The accuracy of the test depends on the random generated weight's matrix and the learning rate. Using different learning rates and weight's will generate a different accuracy.

In [None]:
testing_correct_answers = 0
for i in range(0, len(x_test)):
    activate_layer(hidden_layer, weights, x_test[i])
    activate_layer(output_layer, hidden_weights, hidden_layer)
    output_layer = soft_max(output_layer)
    testing_correct_answers += 1 if y_test[i] == np.argmax(output_layer) else 0
print("MLP Correct answers while testing: %s / %s (Accuracy = %s) on %s database" % (testing_correct_answers, len(x_test),
                                                                                     testing_correct_answers/len(x_test), "Duke breast cancer"))

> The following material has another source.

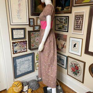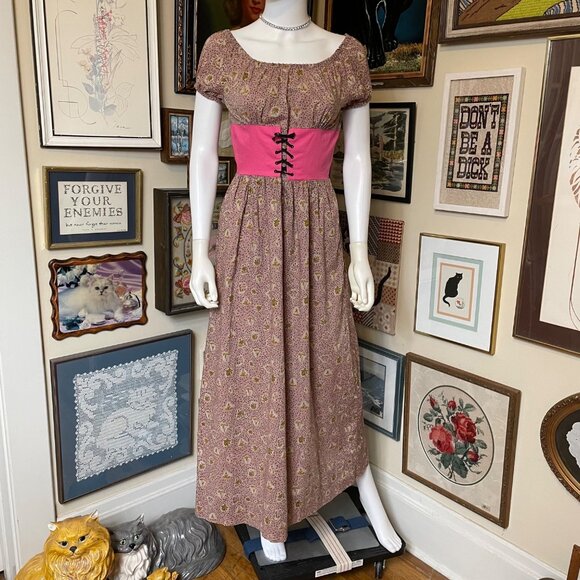 Add a retro touch to your wardrobe with this 60s Vintage Pink and Black Floral Cotton Corset Waist Scoop Neck Peasant Dress from Vintage. Crafted from cotton in size S, the dress exudes feminine charm with its corset waist and floral design.

On this testing set the accuracy can go up to even 100%  with the right amount of hidden perceptrons in the hidden layer. In this example we used a learning rate of [-1] with a total of [72] hidden perceptrons in the hidden layer.

***
## 5.  Conclusion
In this test we have shown that the back-propagation neural network performs well on large sets of data. The performance can be improved by changing the number of hidden neurons and the learning rate.
Because of its iterative training and gradient based training the general speed is far slower than required, so it takes a large amount of time to train on a very large set of data. We cannot say that there is a perfect network for every kind of database out there. So keep testing your data on multiple neural networks and see what fits the best.

I hope this notebook helped you to begin your journey into machine learning and big data world.